Records contained in a dataset:
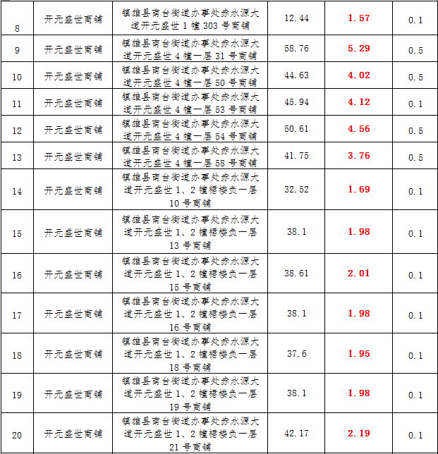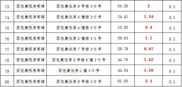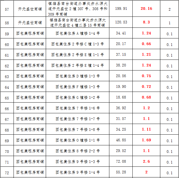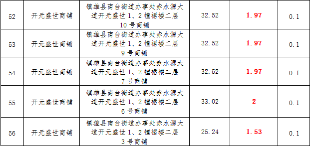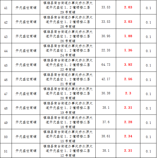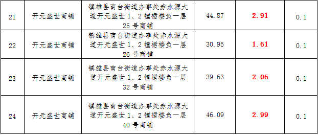 (三)拍租鎮(zhèn)雄縣城市運(yùn)營(yíng)管理有限公司國(guó)有門面3年期使用權(quán),詳見(jiàn)下表:
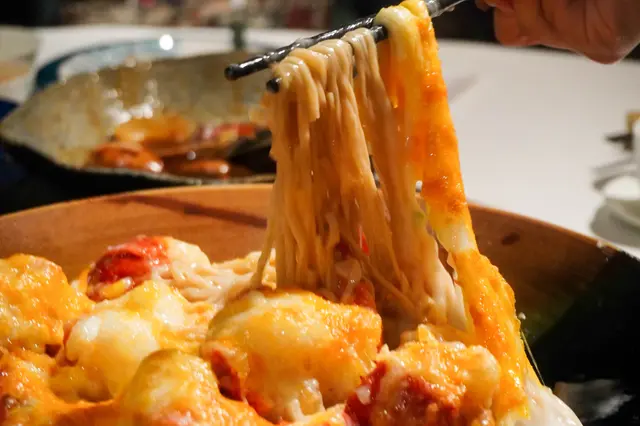 焗過的表面很焦香,芝士非常濃稠且可以做到拉絲效果喔
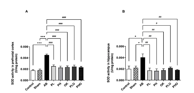 Figure 5 Effects of probiotics and okra on SOD activity in the prefrontal cortex (A) and the hippocampus (B). AB, amyloid beta; PL, low-concentration probiotics; PH, high-concentration probiotics; OK, okra; PLO, low-concentration probiotics with okra; and PHO, high-concentration probiotics with okra. Data were expressed as mean ± SEM (n = 7). *p < 0.05 and ***p < 0.001 when compared to the control and sham groups, #p < 0.05, ##p < 0.01, and ###p < 0.001 when compared to the AB group.
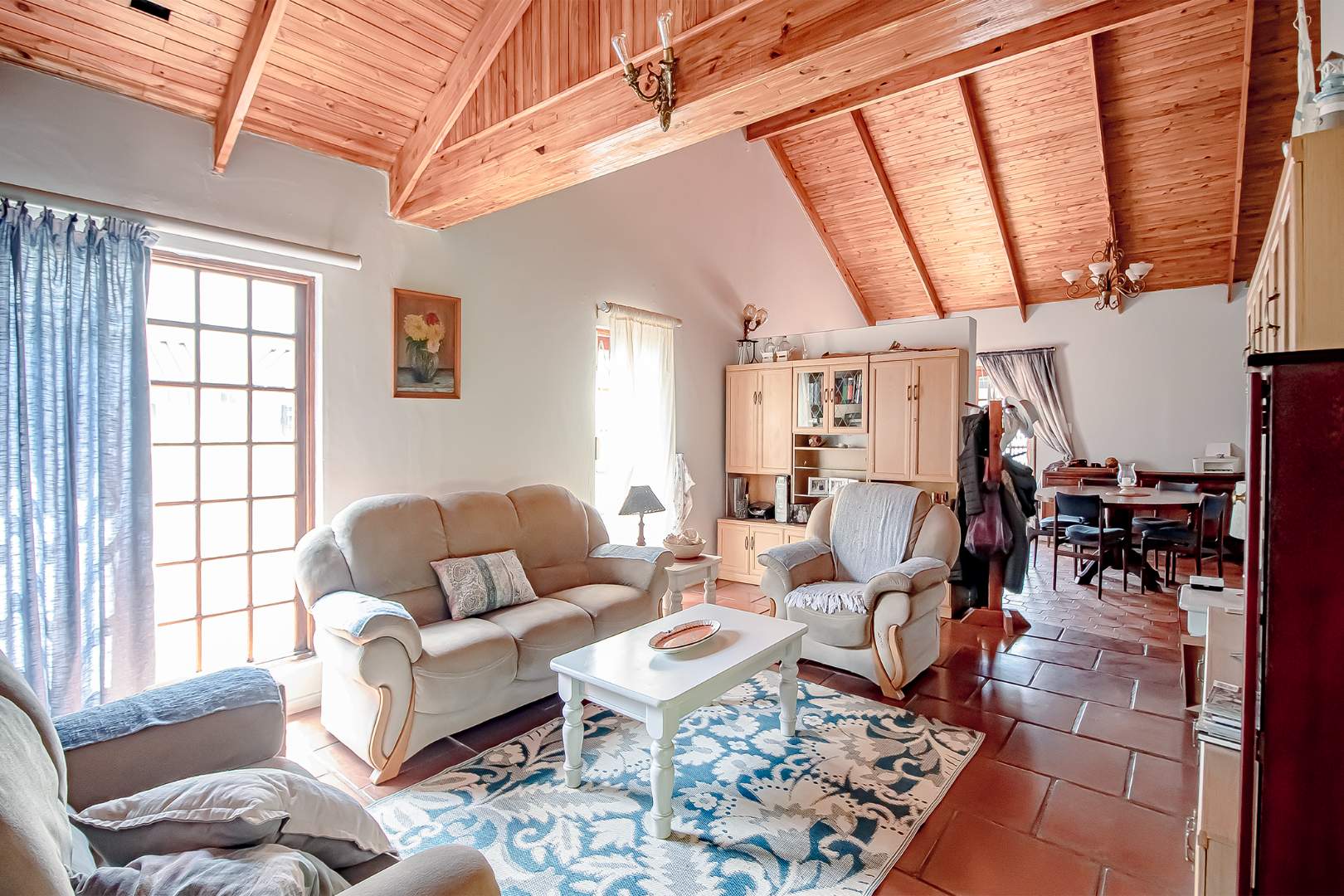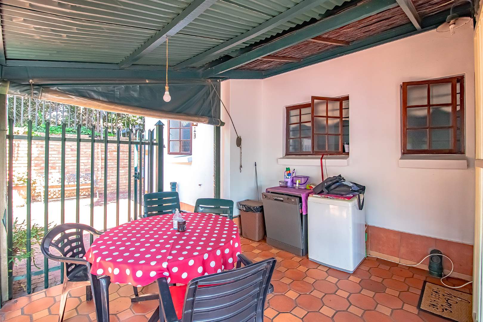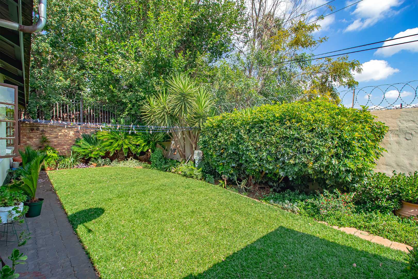 This flows to the dining room and lounge with double doors that lead out to the back garden with a built-in braai.
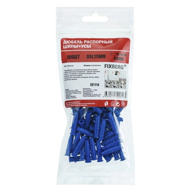 Ниже Вы можете прочитать отзывы на Дюбель распорный с шипами и усами FIXBERG 5х25 мм 100 шт, ознакомится с подробными характеристиками, посмотреть интересные обзоры и фотографии на Дюбель распорный с шипами и усами FIXBERG 5х25 мм 100 шт.
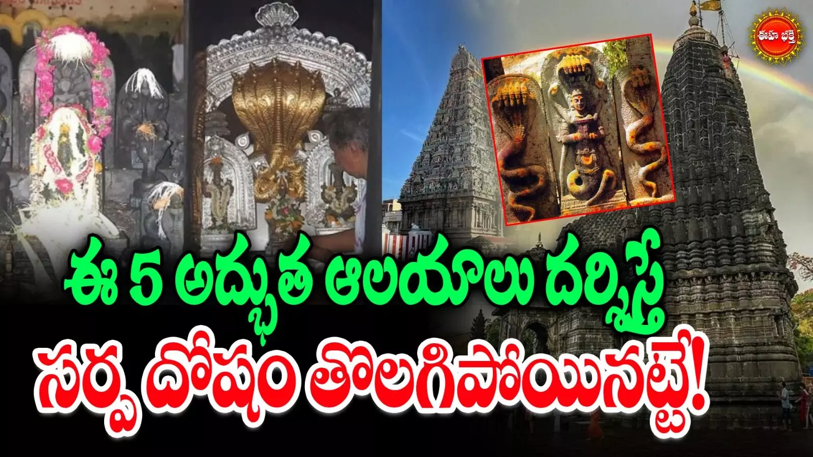 సర్పదోషం నివారణకు తప్పక దర్శించాల్సిన ఐదు అద్భుత ఆలయాలు ఇవే. శ్రీకాళహస్తీశ్వర ఆలయం, ఈ ఆలయం శివునికి అంకితం చేయబడింది. సర్పదోషంలో కీలకమైన రాహు కేతువుల సంబంధానికి ప్రసిద్ధి చెందింది. కాల సర్ప దోషం ప్రభావాలను తగ్గించడానికి ఇక్కడ
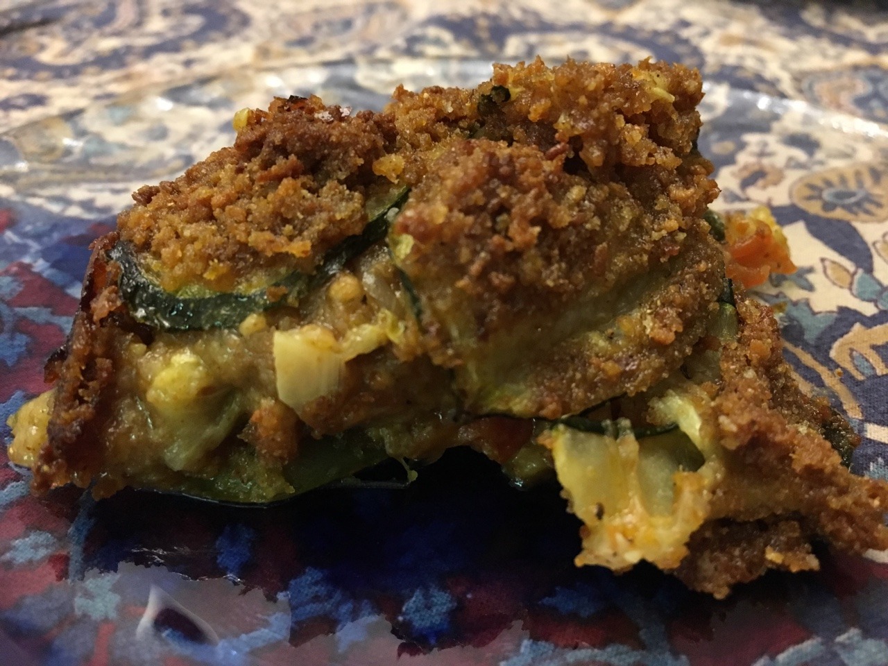 We tried this NYT recipe: https://cooking.nytimes.com/recipes/1014910-zucchini-tian-with-curried-bread-crumbs Our modifications: first, we used plain bread crumbs instead of panko flakes. Second, we found that 2 large zucchini was more than enough for this recipe. Third, we used 3 medium vine-ripened tomatoes (rough cut) instead of 1 pint grape tomatoes. Finally, we used lemon zest instead of orange zest. (May 2018)
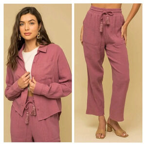100% Cotton Boho Button Down Shirt & Pants Set(Mauve)
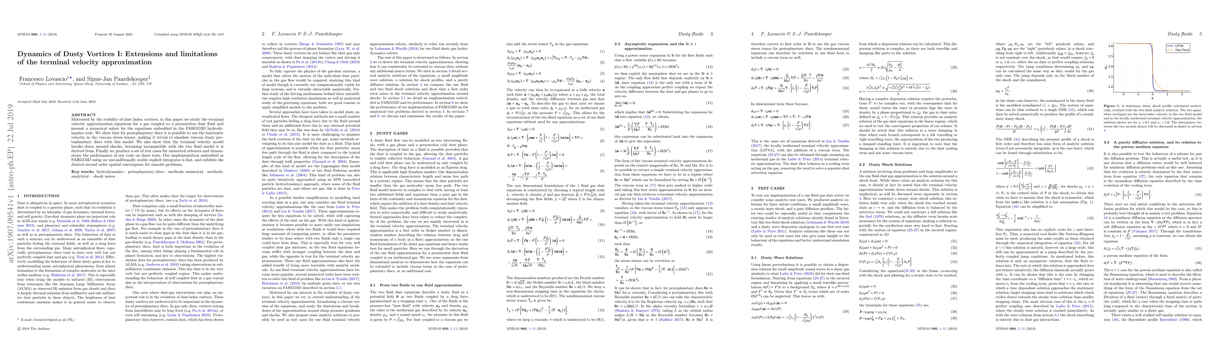 Researchers developed a numerical model to simulate dusty vortices in protoplanetary discs, finding that the terminal velocity approximation breaks down around shocks but can be used to simulate viscous dusty discs with minimal modifications.
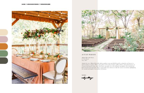 Amidst the trees , Affinity Riverside indoor-outdoor venue provided the perfect setting for our harvest inspired outdoor reception . With a color palette rich in deep oranges , golden yellows , and earthy browns , we created a lush harvest table where loved ones can gather in a cozy , intimate atmosphere . Every detail and floral selection from specialty china to soft textiles were chosen to evoke the essence of autumn , highlighting the warmth and magic of an outdoor celebration .
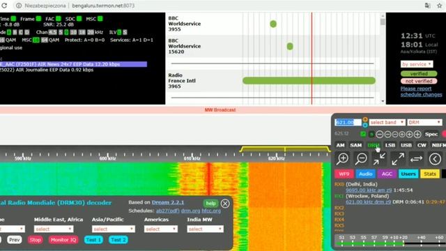 |DRM DX| KiwiSDR; TWR; 621 kHz; India Radio MW - Bengaluru; Bengaluru (IN)
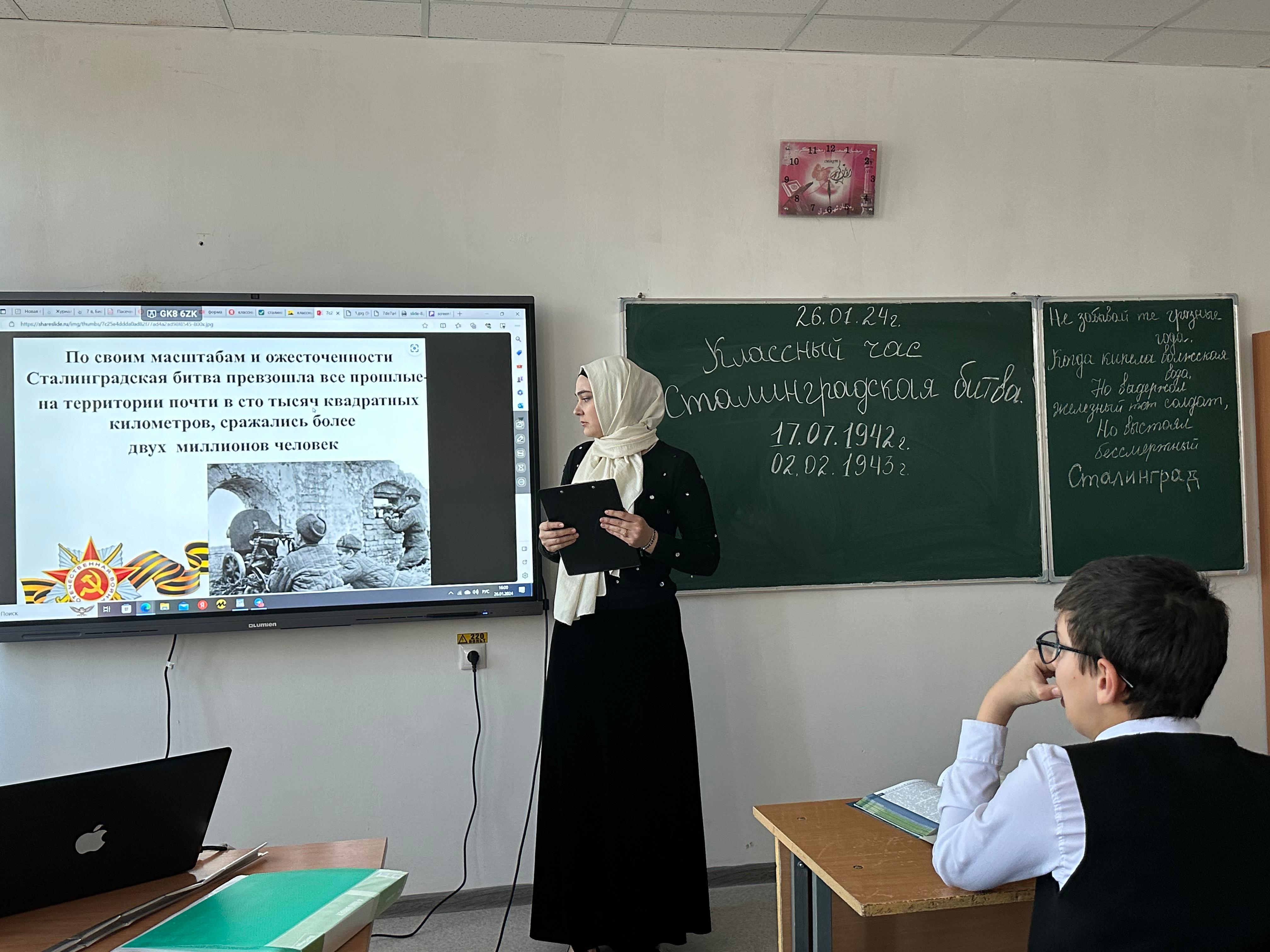27.01.202427 января 2024 г. в МБОУ "Энгель-Юртовская СШ1 имени Осмаева У.Г." прошли классные часы, посвященные ко Дню разгрома советскими войсками немецко-фашистских войск в Сталинградской битве.Классные часы провели учителя старших классов Махтиева Л.А. и Абуева А.А.Советник директора по воспитанию Селимсултанова Петимат Боршиковна провела беседу о важности Сталинградской битвы.Она отметила,что Сталинградская битва- одно из важнейших генеральных сражений Второй мировой и Великой Отечественной войны между Красной армией и вермахтом при поддержке армий стран"оси",закончившееся победой РККА.
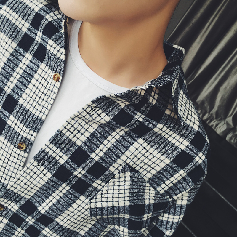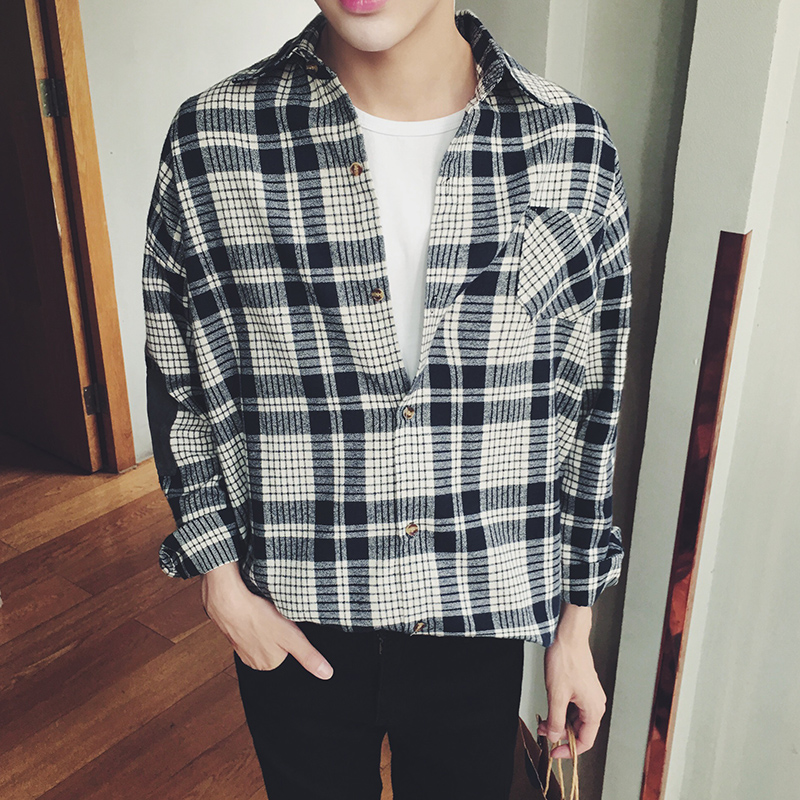 秋季新款韓版男裝休閑格子長袖襯衫男士寬松襯衣

WHAT IS NEEDED » From the records above, give again only the part that opens with the line containing "Ниже Вы можете" and closes with the line containing "సర్పదోషం నివారణకు తప్పక". Keep both ends but drop the pictures.

SOLUTION TO THE EXERCISE »
 Ниже Вы можете прочитать отзывы на Дюбель распорный с шипами и усами FIXBERG 5х25 мм 100 шт, ознакомится с подробными характеристиками, посмотреть интересные обзоры и фотографии на Дюбель распорный с шипами и усами FIXBERG 5х25 мм 100 шт.
 సర్పదోషం నివారణకు తప్పక దర్శించాల్సిన ఐదు అద్భుత ఆలయాలు ఇవే. శ్రీకాళహస్తీశ్వర ఆలయం, ఈ ఆలయం శివునికి అంకితం చేయబడింది. సర్పదోషంలో కీలకమైన రాహు కేతువుల సంబంధానికి ప్రసిద్ధి చెందింది. కాల సర్ప దోషం ప్రభావాలను తగ్గించడానికి ఇక్కడ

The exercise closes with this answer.